A Study to evaluate novel KarX and KarT Prototypes versus the KarXT and KarX-EC reference following single doses, and to explore the effect of food after multiple doses of selected prototypes in healthy adult participants

ISRCTN ISRCTN26415952
DOI https://doi.org/10.1186/ISRCTN26415952
IRAS number 1011809
Secondary identifying numbers Study Code: CN0120043, Quotient Code: QSC303233
Submission date
25/06/2025
Registration date
26/06/2025
Last edited
26/06/2025
Recruitment status
Recruiting
Overall study status
Ongoing
Condition category
Mental and Behavioural Disorders
Prospectively registered
Protocol
Statistical analysis plan
Results
Individual participant data
Record updated in last year

Plain English summary of protocol

Background and study aims
The Sponsor is developing a new test medicine which is a new formulation of a previously tested medicine, KarXT. Currently it is marketed in the USA to treat schizophrenia in adults, but may cause further unwanted side effects in younger patients.
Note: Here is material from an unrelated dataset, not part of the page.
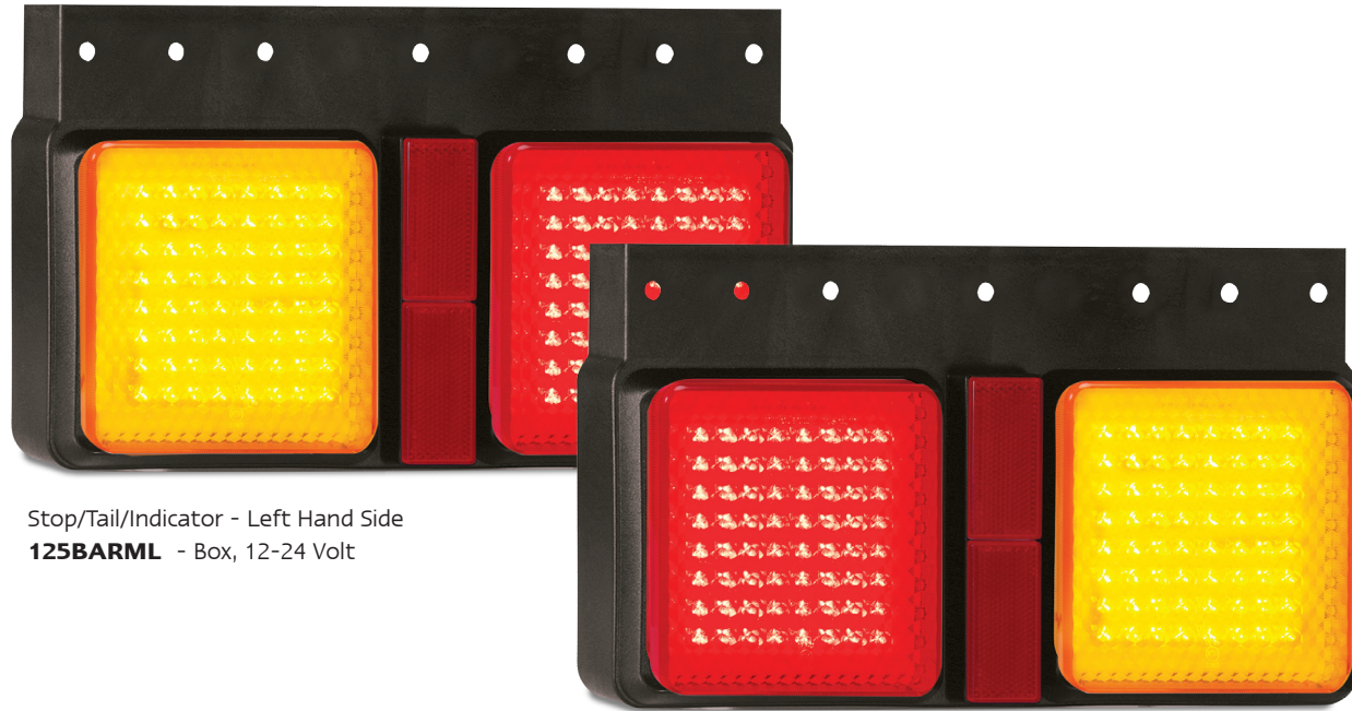
Stop/Tail/Indicator - Left Hand Side 125BARML - Box, 12-24 Volt

The new form of the test medicine is a potential treatment for autism which is a neuropsychiatric condition (mental disorder affecting the nervous system including the brain) and developmental disorder (condition affecting brain development and growth) that affects how people interact with others, communicate, learn and behave.
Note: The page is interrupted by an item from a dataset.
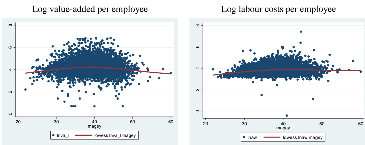
Figure 2: Average age of workers (on the horizontal axis) versus firms' i) log of net value added per employee ii) log of labour costs per employee. Year 2006. Scatter plot and non-parametric regression

Finally, intermediate inputs pay a key role in our analysis, as they are central to our strategy to overcome the simultaneity or endogeneity bias. It is calculated here as the difference between the firm's turnover (in nominal terms) and its net value-added. It reflects the value of goods and services consumed or used up as inputs in production by enterprises, including raw materials, services and various other operating expenses (see last column of Table 1 for descriptive statistics).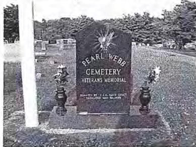
Photo of Pearl Webb Cemetery Veterans Memorial

The yearly meeting for the Pearl Webb Cemetery is the second Tuesday in March at 7 o'clock p.m. at the Hardyville Union Church. Mark this date on your calendar. I feel it is very important for each of us to remain interested in the upkeep of the grounds, the financial success; as well as, the overall appearance of the place of rest for our loved ones, which is an admirable and respectful part of our community in Hart County.

This 2-part study will compare side effects and blood levels in healthy volunteers after giving different forms of the test medicine compared to a reference test medicine. It may also explore the effect of food on the test medicine.

Who can participate?
Healthy men and women aged 18-55 years.

What does the study involve?
In Parts 1 and 2 volunteers will receive single doses of new forms of the test medicine on up to 2 and 3 occasions respectively, and a reference form of the test medicine on 1 occasion, as capsules by mouth. After this an additional Study Visit may be required in which volunteers will receive either doses of 1 form of the test medicine that they previously received or a new form twice a day for 21 days. Doses may be given with soft food for the last 9 days. They’ll stay in the clinic for up to 25 nights on up to 2 (Part 1) and 3 (Part 2) occasions, and take up to 12 (Part 1) and 13 (Part 2) weeks to finish the study.
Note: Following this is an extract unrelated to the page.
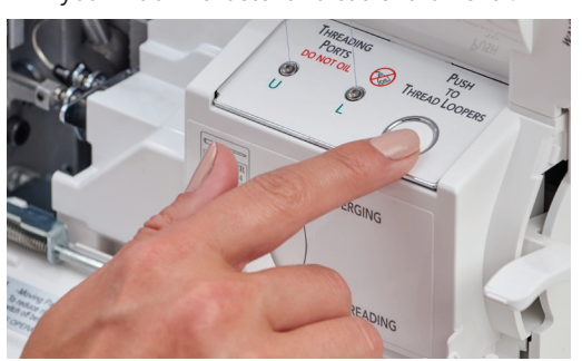
Revolution Air Looper Threading Insert thread into one of the Acclaim's threading ports, push the button and a gust of air quickly pushes it through the patented tubular loopers, exactly where you need it every time. Tangles, knots and breakage are now a thing of the past!

What are the possible benefits and risks of participating?
Participants get no medical benefit from taking part in the study. However, development of a treatment for younger patients with autism may benefit the population as a whole. It is considered that the risk/benefit evaluation in this study supports the use of healthy volunteers. Full information on possible side effects is provided to volunteers in the Participant Information Sheet and Informed Consent Form. Volunteers are closely monitored during the study and safety assessments are performed regularly.

Where is the study run from?
Bristol-Myers Squibb Services Unlimited Company (Ireland)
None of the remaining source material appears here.